London-based architects Jump Studios have completed their work on an office extension for media technology company Forward in Camden, north London.
The young company had outgrown their existing premises at Centro 3 and decided to lease additional office spaces in the adjacent Centro 4 building which are both part of the larger Centro buildings business complex on Mandela Street in Camden.
Forward’s aim was to connect the two premises and create a large office spread over two floors which would not only offer ample office space for the rapidly growing businesses but also house additional social functions like a presentation space, music and games rooms, a canteen, additional meeting spaces, cafe and a new, more representative reception.
Furthermore Forward sensed that their existing offices didn’t really reflect the prevailing culture of the company which at heart still feels like a young start-up.
They turned to Jump Studios for help and asked them to come up with ideas that could imbue the new spaces with creative energy and the ‘Forward spirit’ - young, playful, intelligent, unconventional and obsessed with the newest technologies and innovations.

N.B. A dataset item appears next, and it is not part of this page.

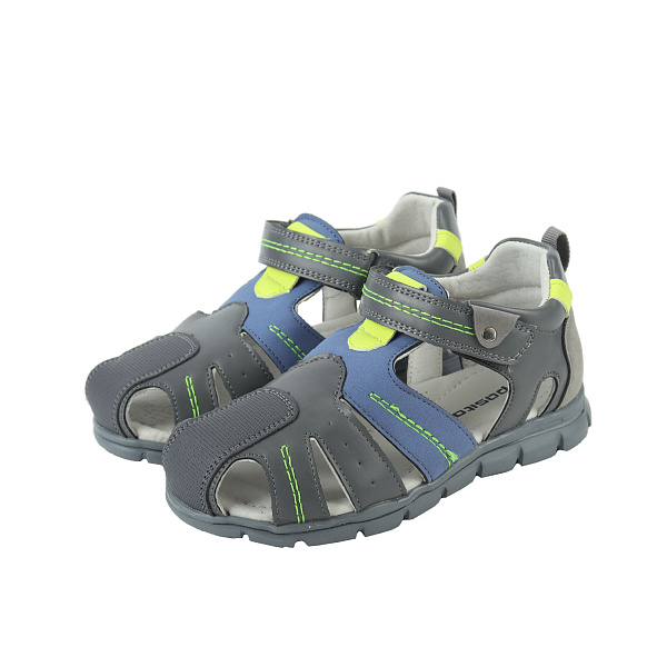 Открытые сандалии подарят комфорт детской ноге и дополнит гардероб ребенка. Верх сандалий пошит из искусственной кожи и прорезями по бокам. Носок и задник зарытые, они помогут сформировать правильную форму свода стопы и плотно зафиксировать ногу в обуви. Подкладка и стелька из натуральной кожи мягкие и эластичные, приятно прилегают к коже и дарят комфорт в носке. Серая подошва из ЭВА не утяжеляет ботинок, она упругая и эластичная. Обувь выполнена в сочетании серого, синего и желтого цветов с зеленой прострочкой. Для застежки использована липучка, она плотно фиксирует обувь на ноге и облегчает обувание. Рекомендовано для детей дошкольного возраста.

Analysing the specific conditions of the site Jump Studios found a series of large, linearly connected but separate spaces in a former warehouse.
Rather than trying to unify those spaces through one spacial concept they quickly decided to treat each room differently and create a series of different scenarios which would set the mood individually for each area.
Taking references from fairy tales such as Alice in Wonderland or computer games like Super Mario the spaces are animated by several interventions which play with notions of scale and introduce surreal moments in the otherwise very functional office environment.
The reception area was moved from the first to the second floor to improve the internal circulation of the building.
Visitors and staff exit a lift into an almost completely red area which feels like a stage set placed in the existing office.
A plush carpet and deeply red wooden wall panels provide a strong contrast to the surrounding open plan office which is visible from the reception. Located adjacent to one side of the reception is a small cafe which acts as both holding area for visitors and informal meeting and break out space for staff.
A linear red carpet walkway leads visitors out of reception through the first office space to a black oversized key hole. Slipping through the key hole one arrives in the new office extension.
The first thing you notice here is a gigantic white staircase with a deep red carpet on its steps. On closer inspection the steps reveal themselves to be upholstered seating pads. The open space in front of the staircase is used for larger presentations with the staircase offering seating for audiences of up to 30 people.
On a daily basis staff use the stairs as break out or meeting space or to watch their colleagues playing ping pong in front of them.
Next to the staircase a floor length, purple velvet curtain curves around a cluster of social rooms behind: sound booth, billiard parlour and computer games room cater for the staffs entertainment during breaks and after hours.
When the curtain is opened up the additional meeting and break out room directly behind is delineated from the rest of the open space through a chequer board floor which contrast with the traditional grey wood panels on its walls.
The rest of the open space behind the cluster of social rooms is occupied by the canteen. Bar and serveries are all clad in purple-grey wood panels which again feel like staged elements in the otherwise industrial warehouse space. Some of the panels are hinged and conceal secret cabinets for food and drinks.
The canteen is open to all staff all day round. At night it turns into a bar for after work drinks and office parties.
An inconspicuous door next to the bar leads into yet another area.
It’s an open plan office occupied by one of the core departments of the whole business.
The main feature of this space is a 12 m long work counter running from the entrance of the space to the exit across the room. The function of this counter is to offer additional hot desking space for up to 10 people on the one hand and shield the open plan office work stations from the adjacent circulation space and enclosed offices and meeting rooms on the other side of the room.
The 12 m long counter is pierced by three grey, stone-like plinths which separate it into two smaller sections and reference traditional outdoor public squares. The two plinths flanking the ends of the desk are crowned by artificial topiary in the same matt, mid-grey stone colour while the central plinth carries a gigantic lobster.
The lobster provides another surreal moment in the office designed as a slightly strange beacon and iconic meeting point in the office landscape. The colour scheme of the whole installation has a comic like feel to it and is a nod to young up and coming artist Murray O’Grady.
The fully glazed offices and meeting rooms behind the plinths carry cartoon like graphic images of a traditional Parisian facade and trees in a park to complete the urban scenery.
Two more meeting rooms in the other two corners of the space have been customized with graphics by graphic artist Luke Embden especially designed for Forward featuring a pattern of hearts for the HR room and a black and white text based graphic for the third meeting room in this area.
The end of this enfilade of rooms marks a smaller uncluttered workspace for up to 12 people. This is where the developers live, they form the core and brain of the company, their space being a kind of commando centre with neutral grey block striped carpets, torch pendant lights, industrial lockers and blackened ceiling.
A small purple sofa provides the only splash of colour here. It offers a cosy place of respite for a chat or to meditate on the streams of data displayed on a matrix of screens on the wall which refer back to the very nature of the work that’s being done here.